You can prove just about anything for your functions by encoding the information into the type system. I don't want to give out spoilers for "Types and Programming Languages", but a type system is nothing more than a simplified automated proof assistant.

There already are type systems and encodings than can statically determine memory usage and other resource allocations like network usage. Region allocation is one good example of that.

Epigram is one step closer to being provably correct. I seem to recall that Epigram always terminates, at the cost of not being Turing complete.

You may also want to investigate human directed automated proof programming. I've only heard of it, but it would probably work, according to the Curry-Howard isomorphism.

Your description of checks moved from compile time to run time is called 'soft typing'.



If you like this kind of thing, you'll like reading Types and Programming Languages by BC Pierce, and its sequel.

Personally, I believe the FP community has put their money where their mouth is... you can tie your program tightly onto a type system skeleton, or you can skip the whole thing and use Dynamics instead.

I don't think the restriction on termination necessarily implies not being turing complete (it just means that you can't write an OS or other "always on" program). There was a series of papers (and a disseration) in recent years about general recursion in Type Theory, though I don't remember off hand who wrote the stuff.

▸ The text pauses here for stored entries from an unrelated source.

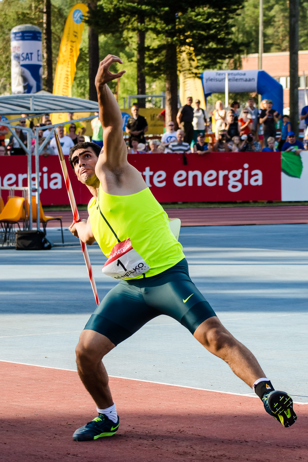 Ihab Abdelrahman El Sayed during Savo Games at Lapinlahti (20 July 2014)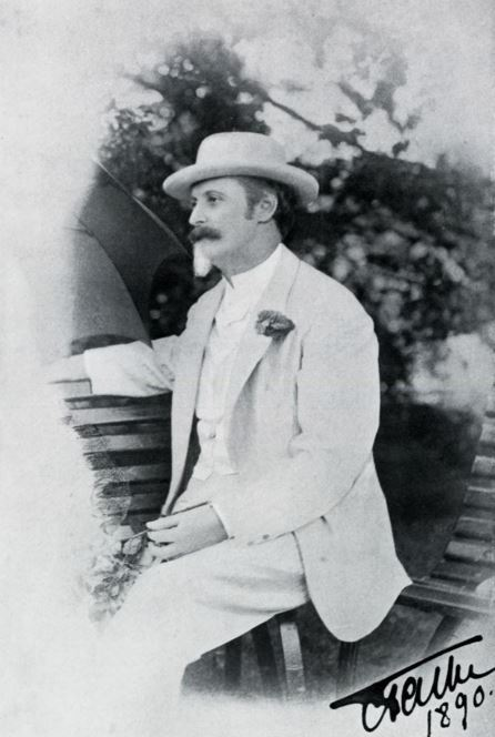 Danish diplomat Christian Falbe (1828–96)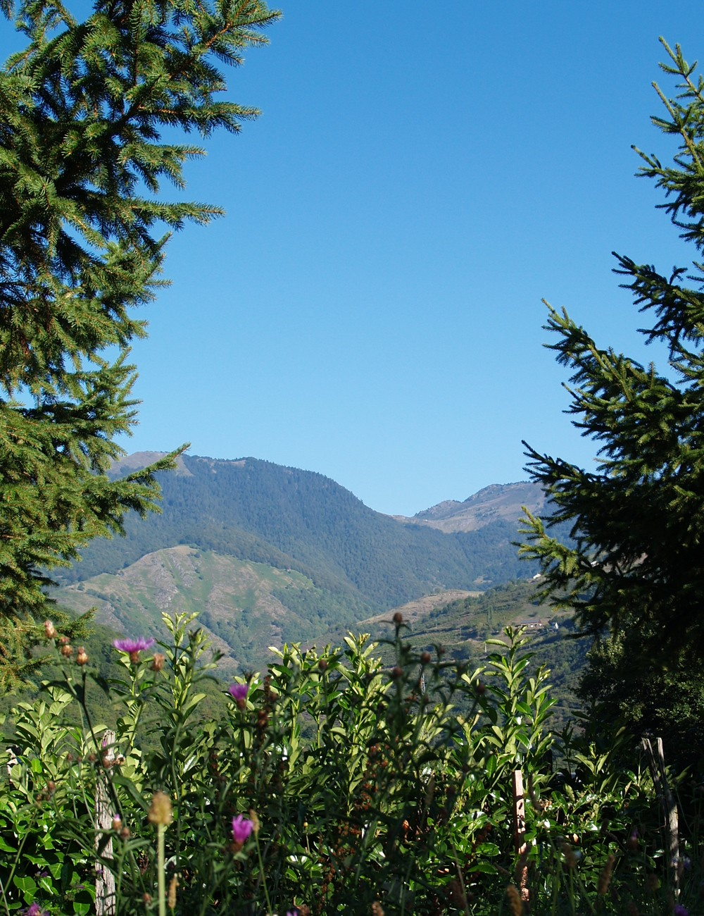 The east slope of the Col d'Aspin, viewed from the tiny hamlet of Pailhac, at the opposite side of the Aure valley.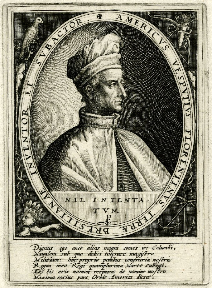 Portrait of Florentine explorer Amerigo Vespucci in a turban. Print by Crispijn van de Passe the Elder. The legend around the portrait says "AMERICVS VESPVTIVS FLORENTINVS TERRAE BRESILIANAE INVENTOR ET SUBACTOR", which means "Amerigo Vespucci, from Florence, discoverer and conqueror of the land of Brazil".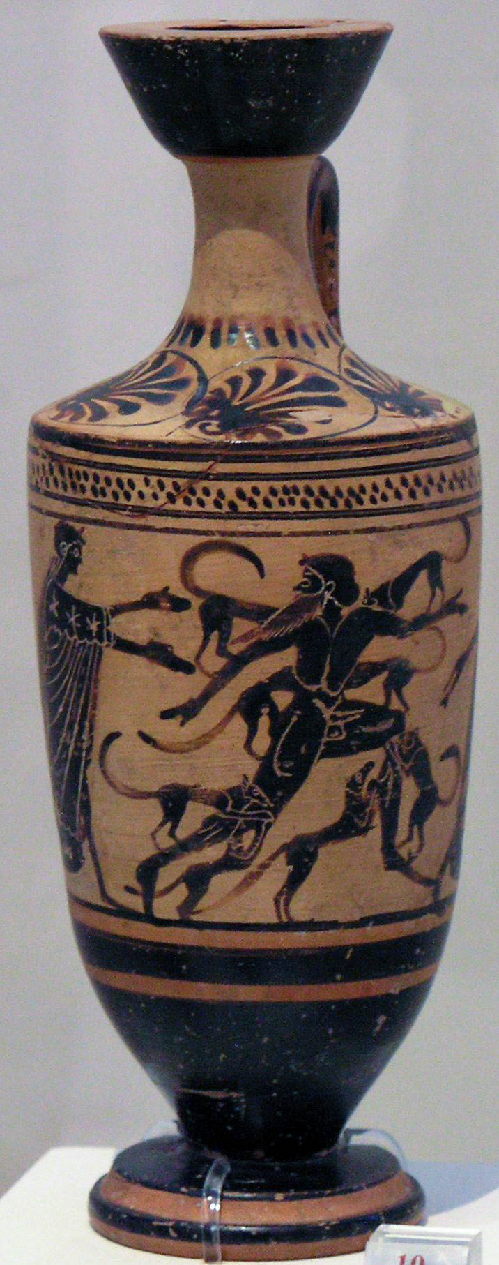 Attic white-figure lekythos, ca. 480–470 B.C., depicting Actaeon devoured by his dogs. National Archaeological Museum of Athens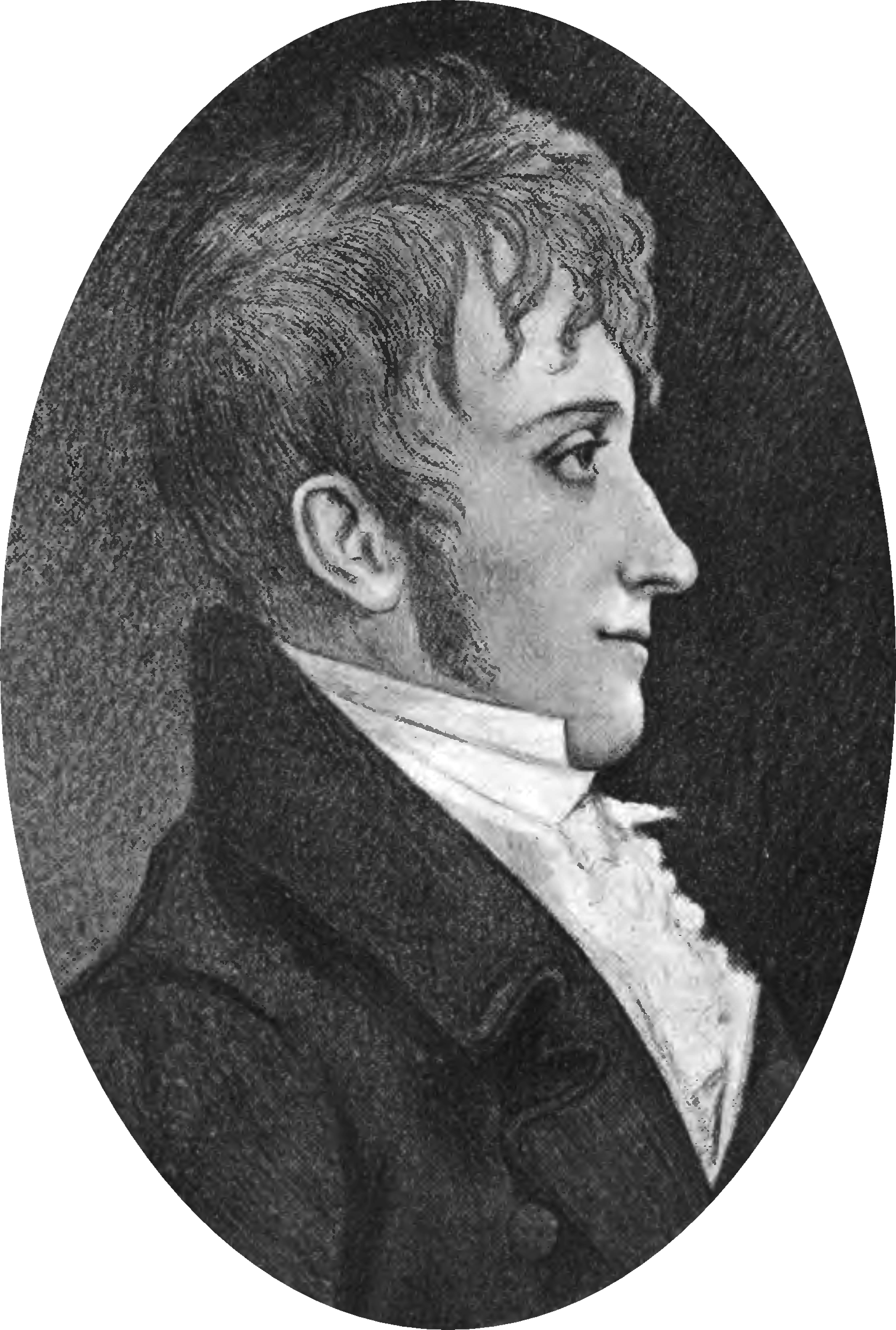 Franciszek Barss

Additionally, i'd argue that all these other applications could be written if one relaxes the type system to allow the toplevel driver loop function to not be structurally recursive.

Part of my current research is exploring how to generalize cps and closure conversion style compilation to languages with dependent types. I'm actually giving a talk on it at this years Nordic Workshop on Programming Theory.

Benjamin's book's are really great stuff.

Uhm. That a language is turing complete means that it can do everything that can be done with a turing machine/lambda calculus. And as these can express non-terminating programs a language that always terminate is per definition not turing complete. Although you can of course discuss wether this really is a big hinderance or not. and if the restrictions on the language makes any terminating programs impossible.

But what I think you're after is EML which extends Standard ML to allow axioms in signatures.